With SuperCDMS SNOLAB, physicists will go deeper below the surface of the earth than earlier generations of the experiment. Deep underground, scientists use the earth as a shield to block out particles that resemble dark matter, making it easier to see the real thing.

Physicists have begun research and design and are building prototypes for the next-generation SuperCDMS, known by its full name as the Super Cryogenic Dark Matter Search. It will be located at SNOLAB, an existing underground science laboratory in Ontario, Canada, said physicist Jodi Cooley, a SuperCDMS scientist.

As an experimental particle physicist, Cooley heads the dark matter project team at Southern Methodist University, Dallas, and is a designated principal investigator, or lead scientist, on the SuperCDMS experiments.

Research and design of SuperCDMS SNOLAB is slated to continue through 2015, with fabrication in 2016 and 2017. The experiment could be ready for operational testing by 2018, Cooley said.

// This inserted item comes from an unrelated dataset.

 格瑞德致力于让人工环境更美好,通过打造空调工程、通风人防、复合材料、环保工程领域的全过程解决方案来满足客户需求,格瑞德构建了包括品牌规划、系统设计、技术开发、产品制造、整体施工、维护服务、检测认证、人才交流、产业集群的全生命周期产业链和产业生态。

DOE and NSF announce support for SuperCDMS SNOLAB
The U.S. Department of Energy and the National Science Foundation recently announced they will fund SuperCDMS SNOLAB — as well as two other unrelated dark matter experiments — as part of a committed U.S. scientific focus on furthering investigation into elusive dark matter. The agencies previously funded the predecessors to SuperCDMS SNOLAB, known as SuperCDMS Soudan and CDMS.

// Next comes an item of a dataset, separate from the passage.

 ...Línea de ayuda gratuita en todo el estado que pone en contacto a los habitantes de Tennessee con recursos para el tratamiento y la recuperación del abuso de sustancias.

“This is a very exciting time in our field, and I think the United States is well-positioned to play a key role,” said Cooley, an associate professor in SMU’s Department of Physics. “The three experiments chosen, SuperCDMS, LZ and AMDX, are complementary and together provide sensitivity to a large variety of potential dark matter candidates. In particular, SuperCDMS provides unprecedented sensitivity to light dark-matter candidates.”

SuperCDMS SNOLAB is a collaboration of physicists from 21 institutions in the United States, Canada and Europe.

Dark matter — the next unsolved mystery, and a key to the Universe
There has long been evidence that dark matter exists and is a large part of the matter that makes up the Universe. A handful of experiments around the globe, including SuperCDMS Soudan and CDMS II, use different methods to focus on the hunt for dark matter.

The design of SuperCDMS SNOLAB, which is among the world’s leading dark matter projects, enables it to look for WIMPS, short for weakly interacting massive particles.

WIMPS are a generic class of dark matter, with an unknown mass that could be either “light” or “heavy.” SuperCDMS has unprecedented sensitivity to the light mass, sometimes called low mass, WIMPS. The LZ experiment will have unprecedented sensitivity to heavy mass, or high mass, WIMPS. AMDX looks for a different type of dark matter called an axion.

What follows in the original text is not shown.